▶ [Data excerpt]
━━━━━━━━━━━━━━━━
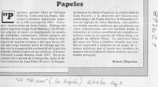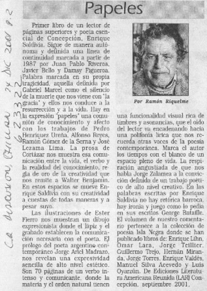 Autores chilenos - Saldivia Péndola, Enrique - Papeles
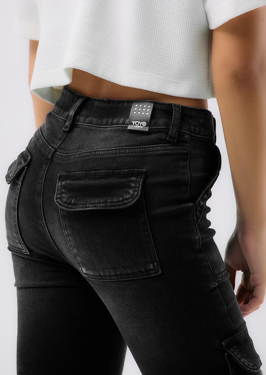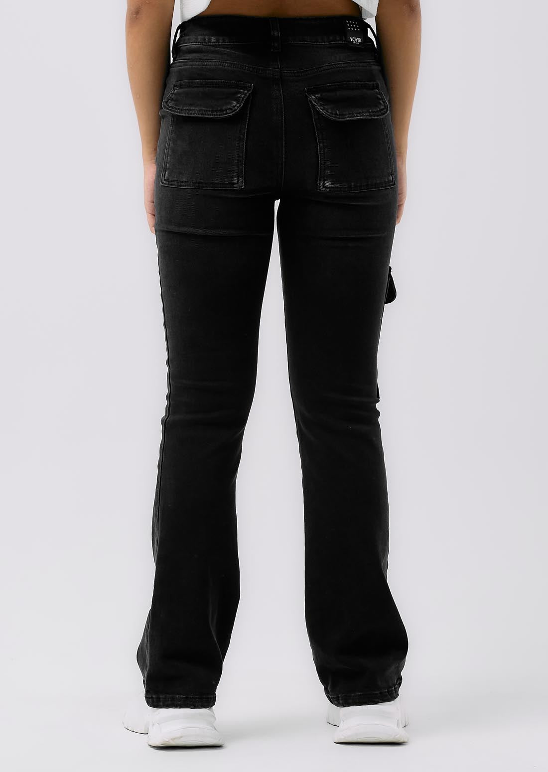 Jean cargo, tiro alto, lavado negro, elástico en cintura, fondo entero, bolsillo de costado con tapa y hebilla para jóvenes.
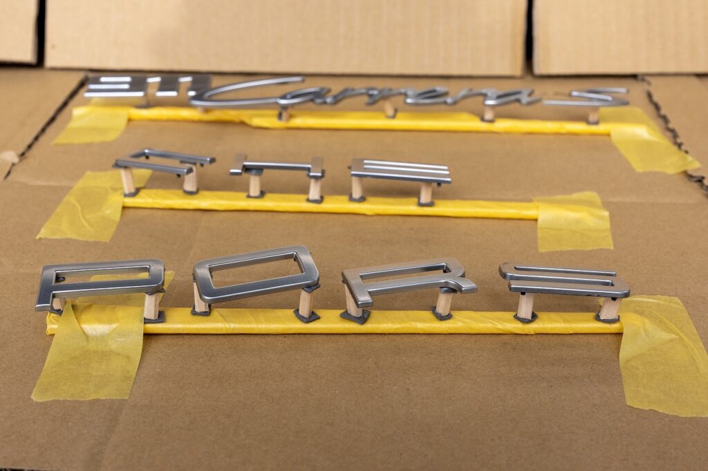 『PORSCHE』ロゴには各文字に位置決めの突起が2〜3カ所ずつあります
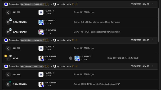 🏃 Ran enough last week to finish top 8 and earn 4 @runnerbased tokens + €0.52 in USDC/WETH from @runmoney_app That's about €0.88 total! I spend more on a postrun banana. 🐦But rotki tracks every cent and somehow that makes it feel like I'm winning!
━━━━━━━━━━━━━━━━
▶ [Your objective]
The reply should hold every line of the material above, unchanged, and no pictures.

▶ [Exercise result]
 Autores chilenos - Saldivia Péndola, Enrique - Papeles
 Jean cargo, tiro alto, lavado negro, elástico en cintura, fondo entero, bolsillo de costado con tapa y hebilla para jóvenes.
 『PORSCHE』ロゴには各文字に位置決めの突起が2〜3カ所ずつあります
 🏃 Ran enough last week to finish top 8 and earn 4 @runnerbased tokens + €0.52 in USDC/WETH from @runmoney_app That's about €0.88 total! I spend more on a postrun banana. 🐦But rotki tracks every cent and somehow that makes it feel like I'm winning!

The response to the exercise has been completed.